Singapore’s Court of Appeal on 19 May 2025 dismissed the final appeal of S. Iswaran, the city-state’s former Minister for Transport, against his conviction and 12-month prison sentence on five charges of obtaining benefits as a public servant and one charge of obstruction of justice.
The five-judge bench led by Chief Justice Sundaresh Menon affirmed the sentence imposed in October 2024 by the State Courts, in what is the highest-profile corruption case to reach a Singaporean court since the prosecution of national-development minister Teh Cheang Wan in 1986.
The benefits at issue
Iswaran, who served in cabinet from 2006 to 2024 and oversaw the Formula 1 Singapore Grand Prix portfolio for much of that period, was found to have accepted benefits including private jet travel, premium Grand Prix tickets, a £4,000 bottle of whisky, and Premier League and West End theatre tickets from Singaporean businessman Ong Beng Seng and from David Lum, a property developer.

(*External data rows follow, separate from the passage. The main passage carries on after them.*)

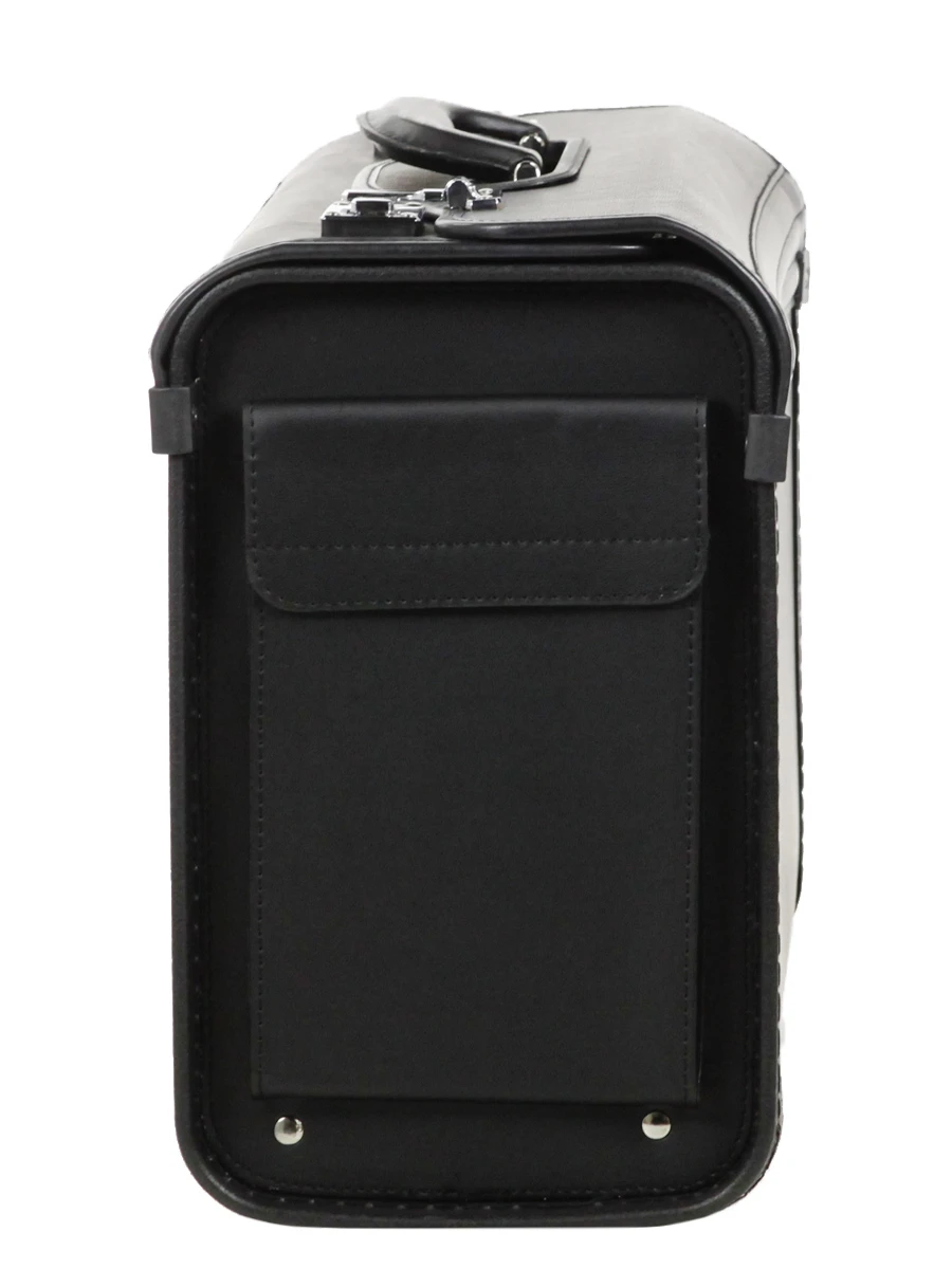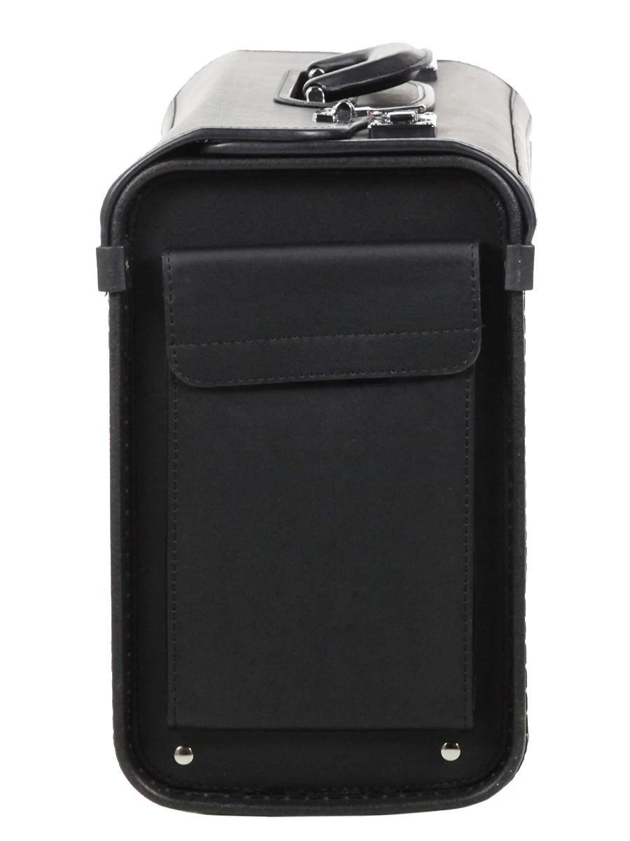 Cette serviette Davidts Synthetic se ferme à l’aide d’attaches sur le dessus, lesquelles sont sécurisées par des serrures à code. Elle se déplace avec élégance et simplicité à la main, grâce à une poignée de portage. Côté extérieur, on trouve 2 grandes poches latérales pour garder à portée de main diverses affaires, ainsi que des rivets de protection sur le dessous.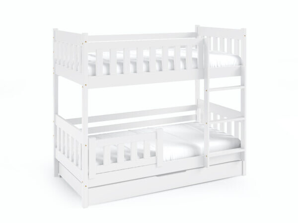 - V ceně: Konstrukce patrové postele, žebřík, úložná zásuvka, bezpečnostní zábrany, 2x laťkový rošt.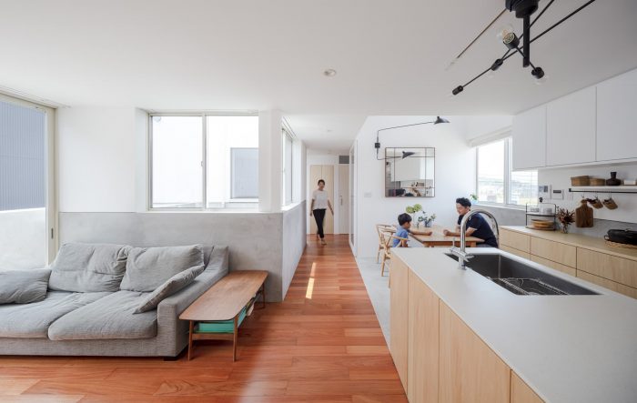We came to think that the comfortable distance between the kitchen and living spaces, passings on the bridge, relaxing on the grand stairs, and natural light and wind coming from the two terraces created by the lateral and vertical layering and crossings of the hook-shaped circulation can change the open space to an active “stepped alley” from what used to be just a leftover space between the two masses. The central “stepped alley” that acquired vague visibility and connection to its depth became an invisible “back street” from the city while becoming a “main street” between the two building masses inside the house. We expected that it would become an intermediate area that shows a bilateral character according to one’s standing point.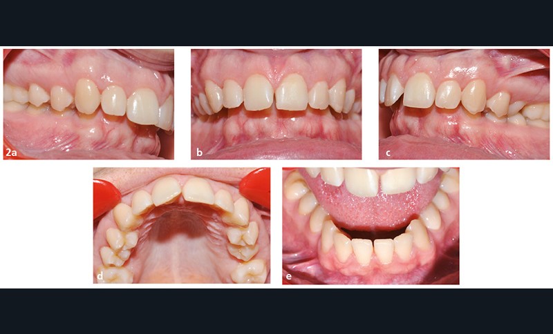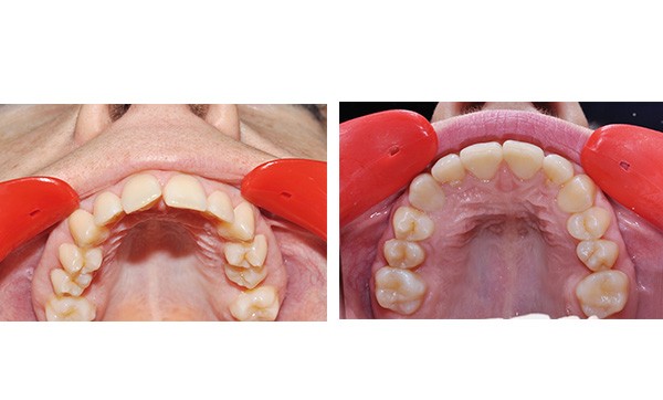 La patiente est une adulte de 22 ans présentant une rétrognathie mandibulaire associée à une endoalvéolie mandibulaire avec un défaut d’occlusion entre 14-15 et 44-45. Le contexte vertical est hypodivergent avec une forte supraclusion incisive.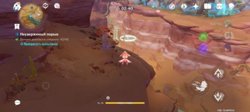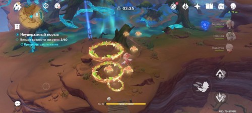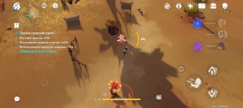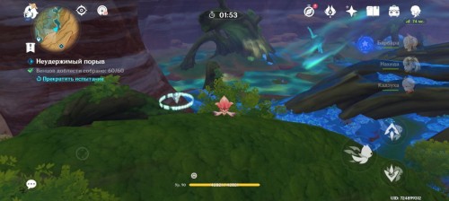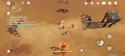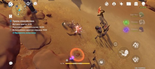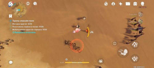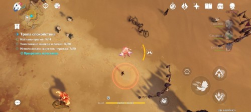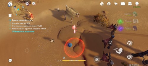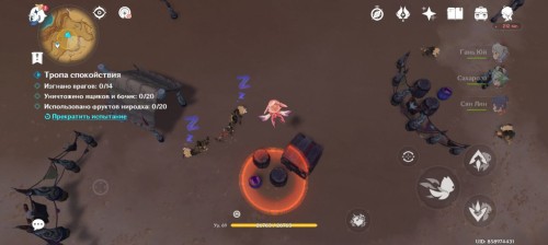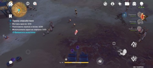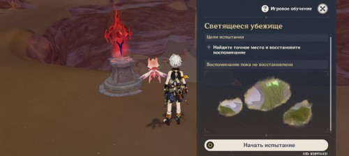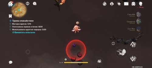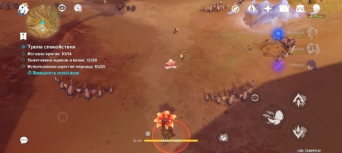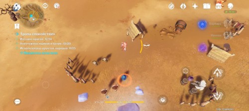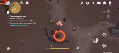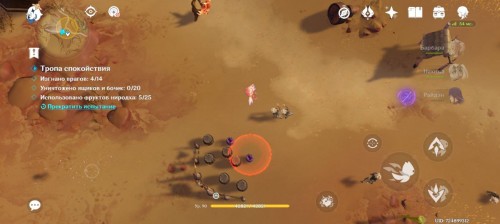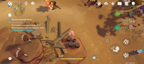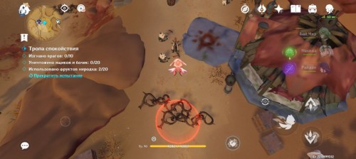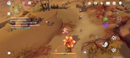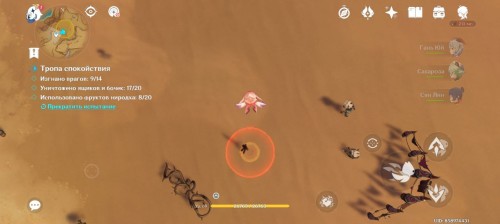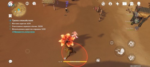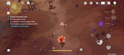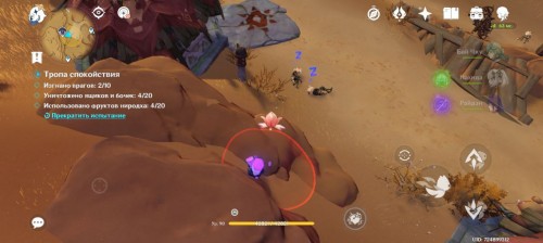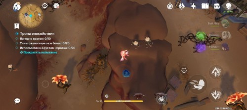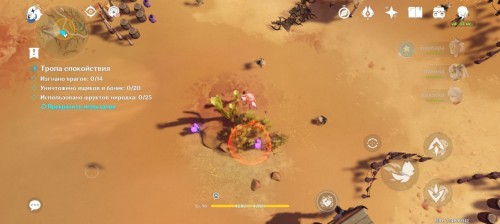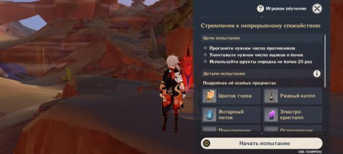 Это первое испытание вида «Тропа спокойствия». Здесь, играя за Соруш, вам предстоит прогнать всех хиличурлов, используя фрукты ниродха и предметы поблизости. Перед началом испытания вы можете ознакомиться с особенностями всех объектов и монстров, а также с целями:

Although the amounts involved were modest by international standards, the case was prosecuted as a near-strict-liability matter under Singapore’s Prevention of Corruption Act. Iswaran ultimately pleaded guilty to the substantive charges after the prosecution amended them down from corruption to the lesser “obtaining as a public servant” offences.
A blow to a national brand
Singapore consistently ranks among the world’s least-corrupt countries on the Transparency International Corruption Perceptions Index, and that reputation is central to its appeal as a regional financial centre. The Iswaran prosecution was therefore as much a signalling exercise as a criminal case: the government repeatedly emphasised that the Corrupt Practices Investigation Bureau had operated without political interference and that no minister was above the law.
The verdict and subsequent sentencing produced unusual public discussion within Singapore. Initial market reaction was muted: the Straits Times Index moved less than 0.3% on the verdict day, suggesting investors viewed the case as evidence of, rather than damage to, the system.
Wider reforms
In the wake of the prosecution, the Prime Minister’s Office tightened ministerial-conduct rules to bar all gifts from individuals or companies that have business with the minister’s portfolio, regardless of value, and required real-time disclosure of all non-state-arranged travel.
Ong Beng Seng faces a separate prosecution; David Lum was acquitted at first instance and the prosecution did not appeal.